** Dataset excerpt **
---------------
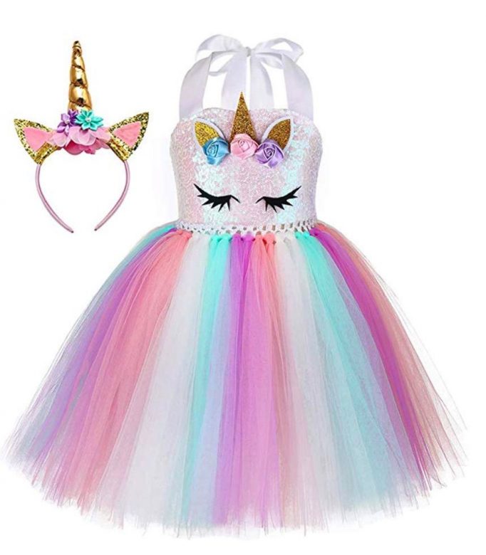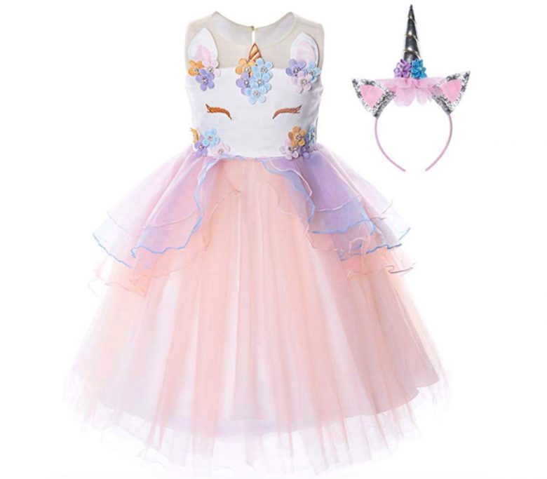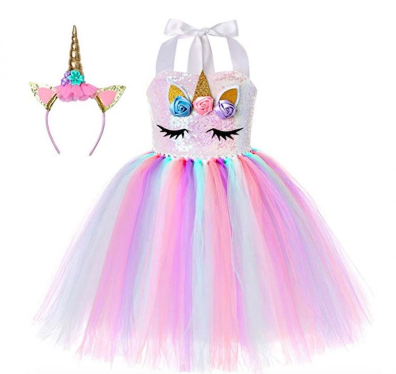 This flower-adorned rainbow tutu dress and unicorn headpiece is just one of several options in this listing, including a pastel version and an ultra-princess unicorn look. Price: $18.85 – $34.22
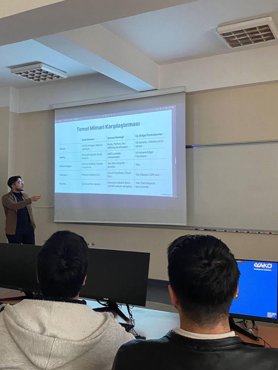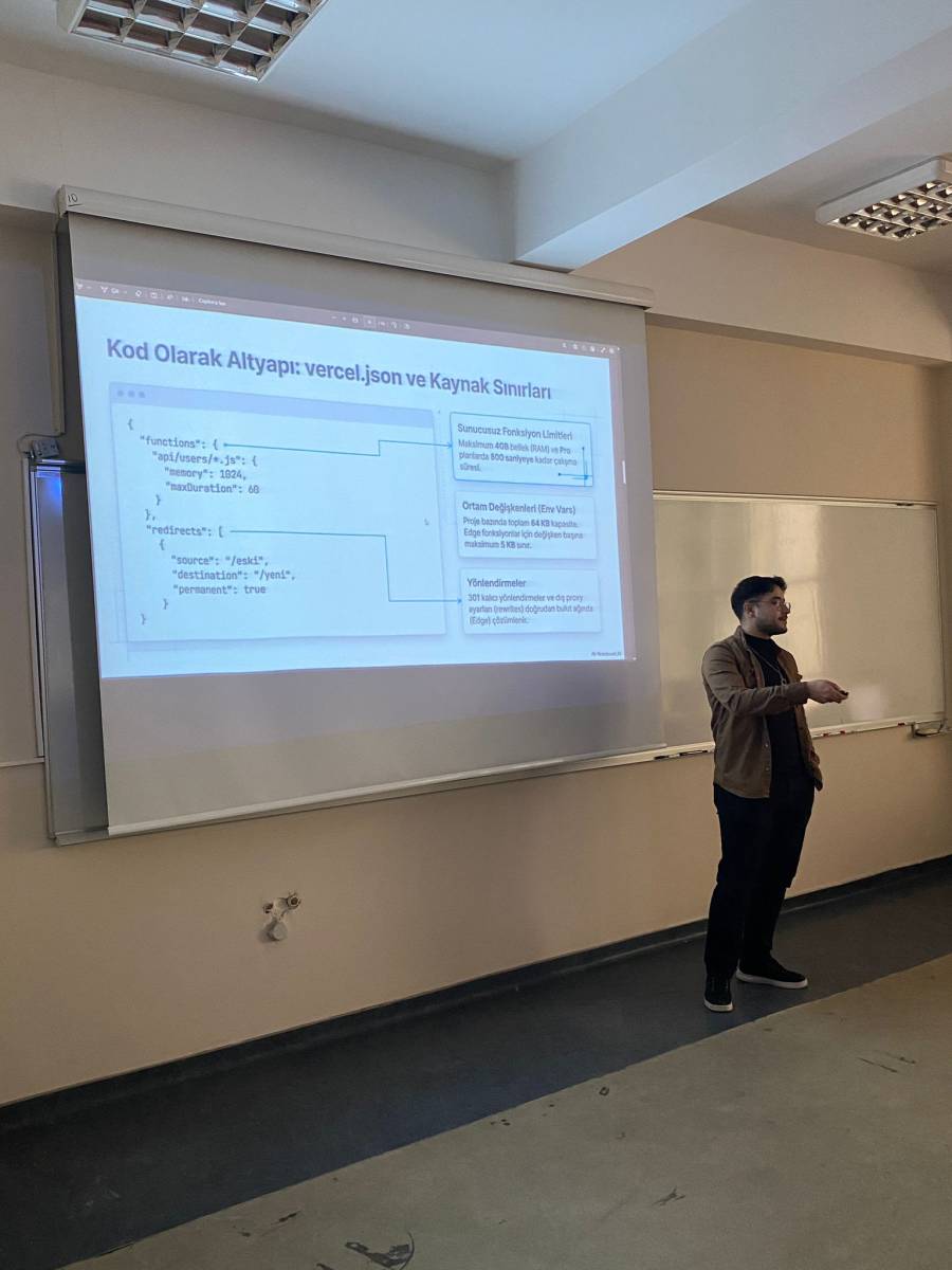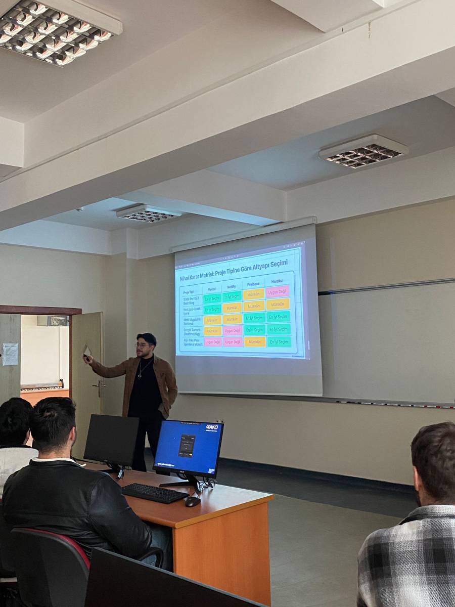 Kıdemli Yazılım Geliştirme Uzmanı Abdullah Uğraşkan ve Yazılım Geliştirici Ömer Yiğit Aker, Yazılım Mühendisliği öğrencileriyle deneyim ve yazılım süreçlerine dair bilgi paylaşmıştır.
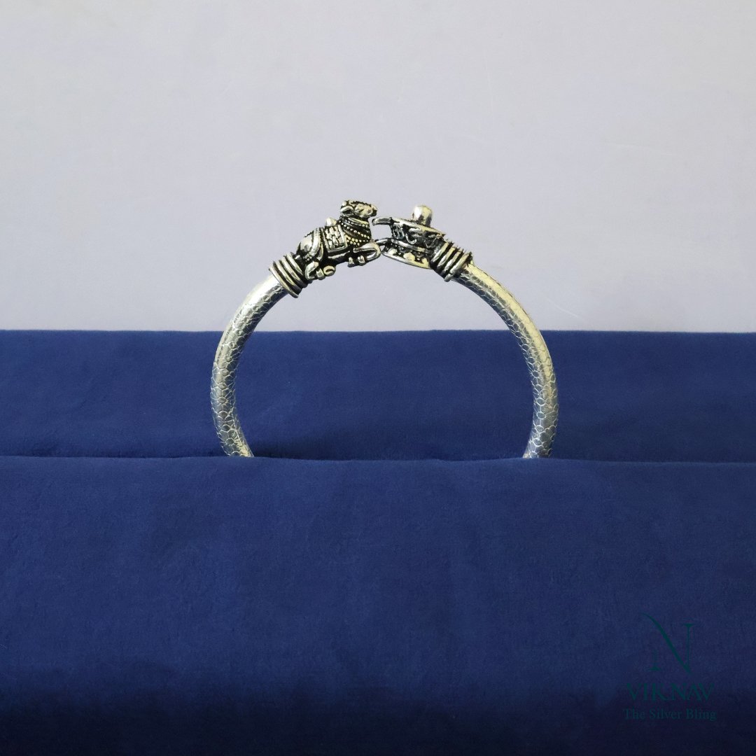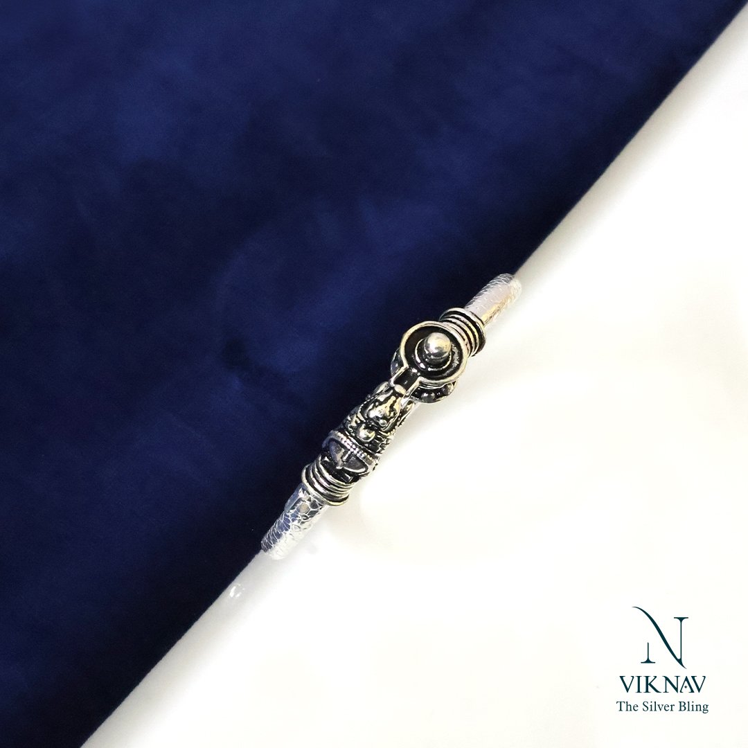 Embrace divine strength and unwavering devotion with the Shiva Linga with Nandi Kada, masterfully crafted in 925 sterling silver. This powerful men’s Kada features an intricately designed Shiva Linga—a sacred symbol of Lord Shiva's energy and creation—accompanied by Nandi, the devoted bull and eternal companion of Shiva, symbolizing loyalty, patience, and strength. With a bold structure and detailed oxidised finish, this Kada reflects spiritual depth and timeless craftsmanship. Designed for comfort and durability, it is perfect for those who seek a meaningful piece rooted in tradition and masculine elegance.
---------------
Your response must consist of the lines from the beginning of the data through the line containing "Kıdemli Yazılım Geliştirme", transcribed exactly, with no pictures.

 This flower-adorned rainbow tutu dress and unicorn headpiece is just one of several options in this listing, including a pastel version and an ultra-princess unicorn look. Price: $18.85 – $34.22
 Kıdemli Yazılım Geliştirme Uzmanı Abdullah Uğraşkan ve Yazılım Geliştirici Ömer Yiğit Aker, Yazılım Mühendisliği öğrencileriyle deneyim ve yazılım süreçlerine dair bilgi paylaşmıştır.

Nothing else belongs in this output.